Thursday, September 03, 2009

Free Cash Flow and the Competition for Capital Dollars

Here’s an all-too common scenario: It’s capital budget time. Everyone lines up with proposals. Industrials tend to favor capital projects that build the business—equipment to establish new product lines, plant expansions, new plants, and so on. And they should. Now, compare that to the typical facilities department offerings: stuff like chiller retrofits, boiler replacements, lighting upgrades. To say that these proposals fail to excite corporate decision-makers may be an understatement. Facility managers everywhere routinely see valuable energy improvements passed over, year after year.

Here are some thoughts on how to change that situation.

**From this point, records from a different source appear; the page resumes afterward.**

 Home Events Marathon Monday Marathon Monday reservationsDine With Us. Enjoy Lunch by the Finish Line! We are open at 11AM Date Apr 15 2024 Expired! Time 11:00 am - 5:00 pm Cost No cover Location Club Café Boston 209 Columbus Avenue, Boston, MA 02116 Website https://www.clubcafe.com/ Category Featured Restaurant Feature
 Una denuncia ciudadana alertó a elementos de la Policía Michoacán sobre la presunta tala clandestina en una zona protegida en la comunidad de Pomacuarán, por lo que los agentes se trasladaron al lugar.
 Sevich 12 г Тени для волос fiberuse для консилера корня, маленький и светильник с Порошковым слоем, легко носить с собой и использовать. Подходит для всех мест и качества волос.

You’ll notice I didn’t say “fight back.” This is not an us-versus-them discussion (for now, at least). What I propose is a win-win partnering strategy. Here’s how it works:

· If yours is like most other organizations, you justify your capital investments using “simple payback.” I have railed against that metric elsewhere, but for now, let’s recognize “payback” as a fact of life. Let’s use it to our advantage.

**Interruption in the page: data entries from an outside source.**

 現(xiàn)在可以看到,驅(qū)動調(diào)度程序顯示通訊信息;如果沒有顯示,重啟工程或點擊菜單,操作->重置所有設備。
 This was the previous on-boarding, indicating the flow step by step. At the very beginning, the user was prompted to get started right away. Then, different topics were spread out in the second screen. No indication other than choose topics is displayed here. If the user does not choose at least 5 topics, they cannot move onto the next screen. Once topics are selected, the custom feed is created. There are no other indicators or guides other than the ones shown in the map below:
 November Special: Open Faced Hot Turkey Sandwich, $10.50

· You are accustomed to competing with other departments for funds. We can’t totally reverse that, but we can strike up some alliances in certain situations.

· Identify the product manager for a new initiative for your organization. Understand the hurdles for getting that new initiative underway. For example—it MAY survive a proof-of-concept analysis. It MAY graduate from prototype to full production. You MAY secure the inputs to effectively make that product. Customers MAY buy it. Competitors MAY refrain from entering your market. Remember that ALL payback calculations are estimates. Which is a better investment: a two-year payback with high risk, or a two-year payback with low risk?

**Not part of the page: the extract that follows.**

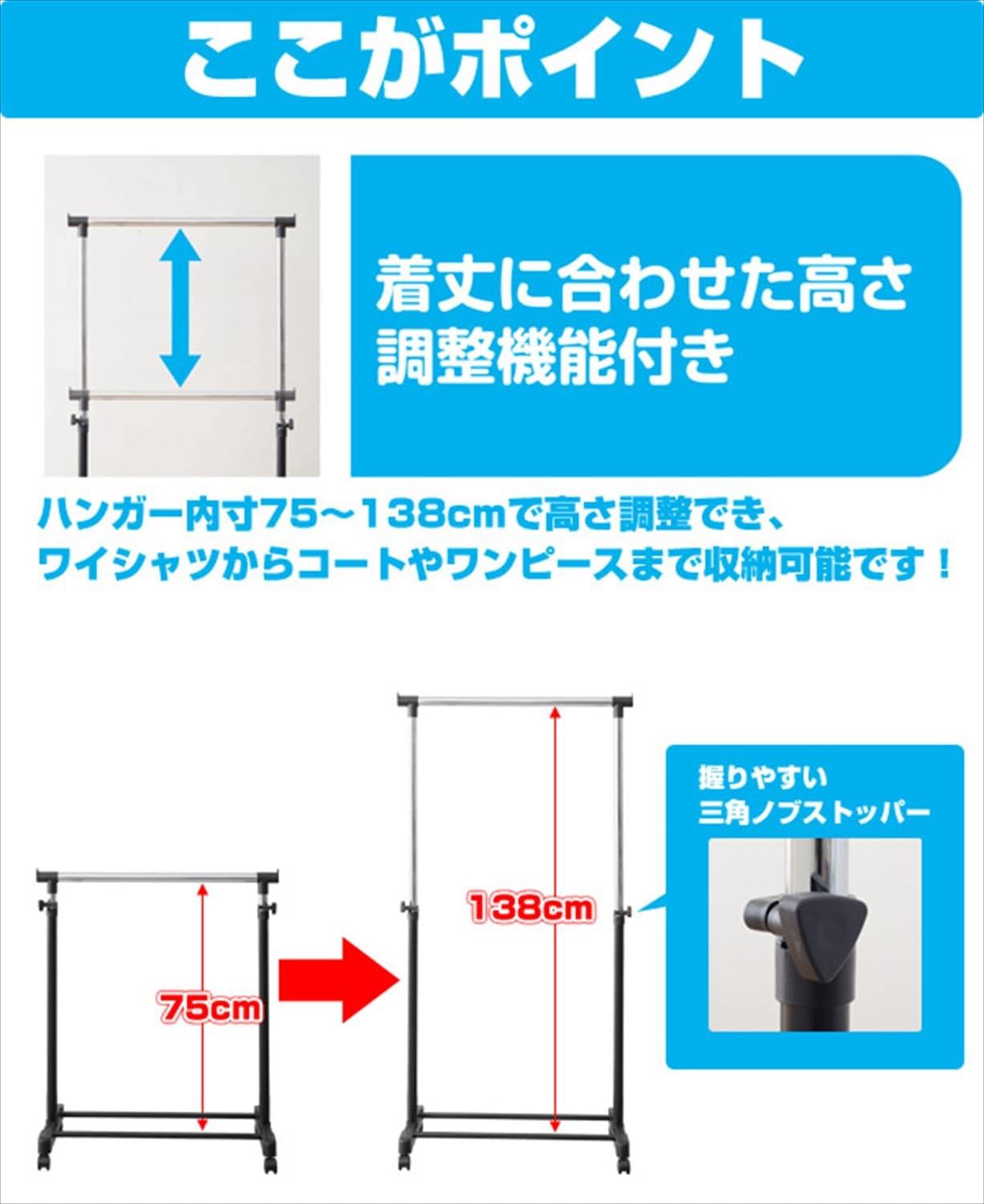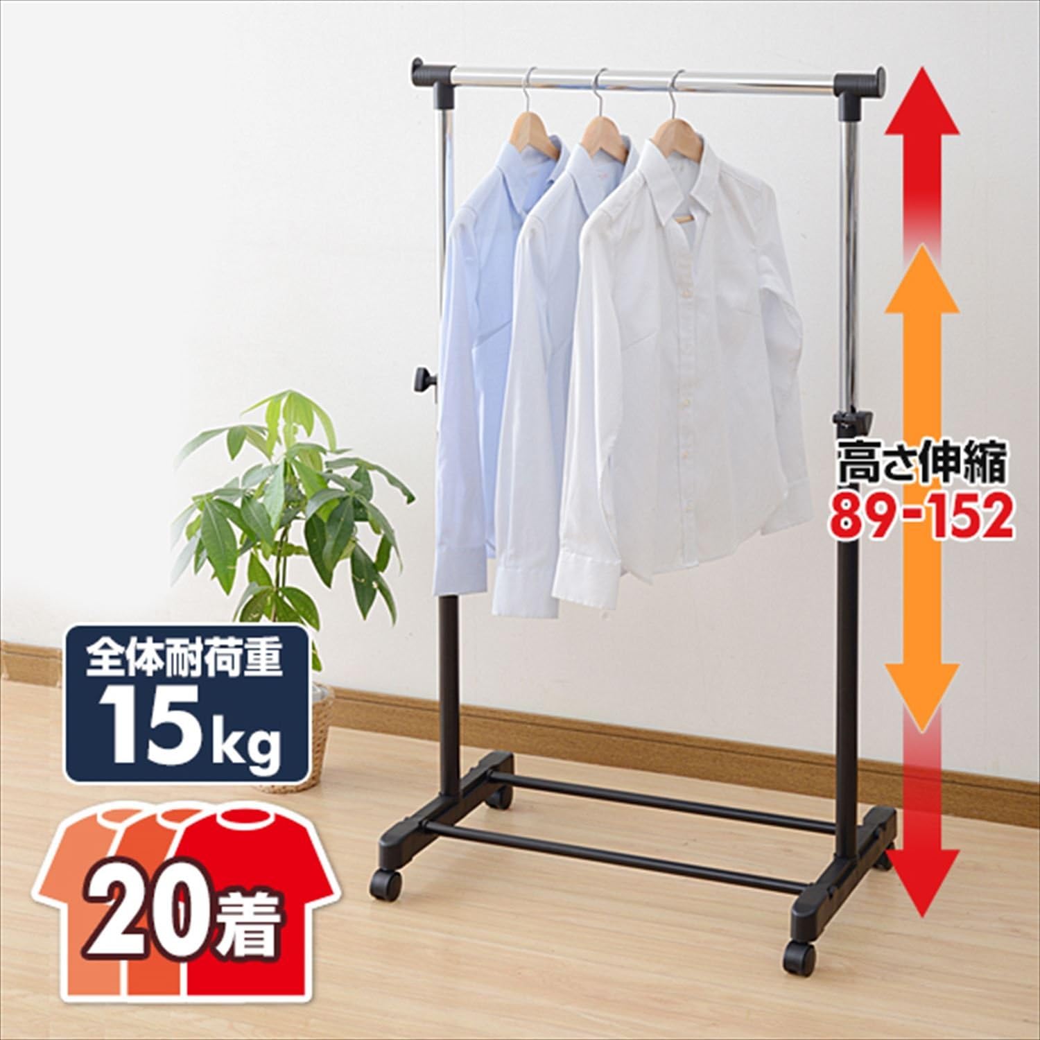 山善(YAMAZEN) 高さ伸縮パイプハンガーラック
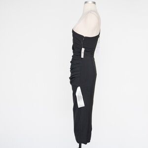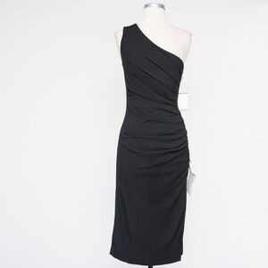 Dress the Population Martine Stretch Crepe One-Shoulder Dress in size Medium. This stunning crepe sheath dress features a flattering one-shoulder neckline and side ruching that creates a sleek, body-con silhouette. Perfect for a night out or special event, the dress has a hidden side-zip closure and is fully lined for comfort. Made from a blend of 90% polyester and 10% spandex, it offers a bit of stretch for a tailored fit.

· Understand what you provide. Typical energy prime movers—chillers, boilers, air compressors and so on—operate year-in, year-out. We know that greater energy efficiency means reducing the expense of running these assets. But more to the point, you’re not just saving money—you are creating a LOW RISK source of free cash flow. Here’s where it gets interesting.

· Partner with that new product manager. Instead of competing for capital funding, arrange a package proposal—one that combines your energy efficiency project with the new product concept. If the company accepts the package, they accept not only your energy improvement, they obtain free cash flow that directly subsidizes your ally's new new initiative. Win-win for the proposal managers, win-win for the company as a whole.

What’s the alternative to this approach? Business as usual. Compete with each other for capital funds. Use boring titles for your capital budget proposals like “10-ton chiller retrofit.” Or, think about the strategy offered here. Submit a capital budget proposal entitled “Free Cash Flow Subsidy for New Product Development.” Drop me a line and me know what happens.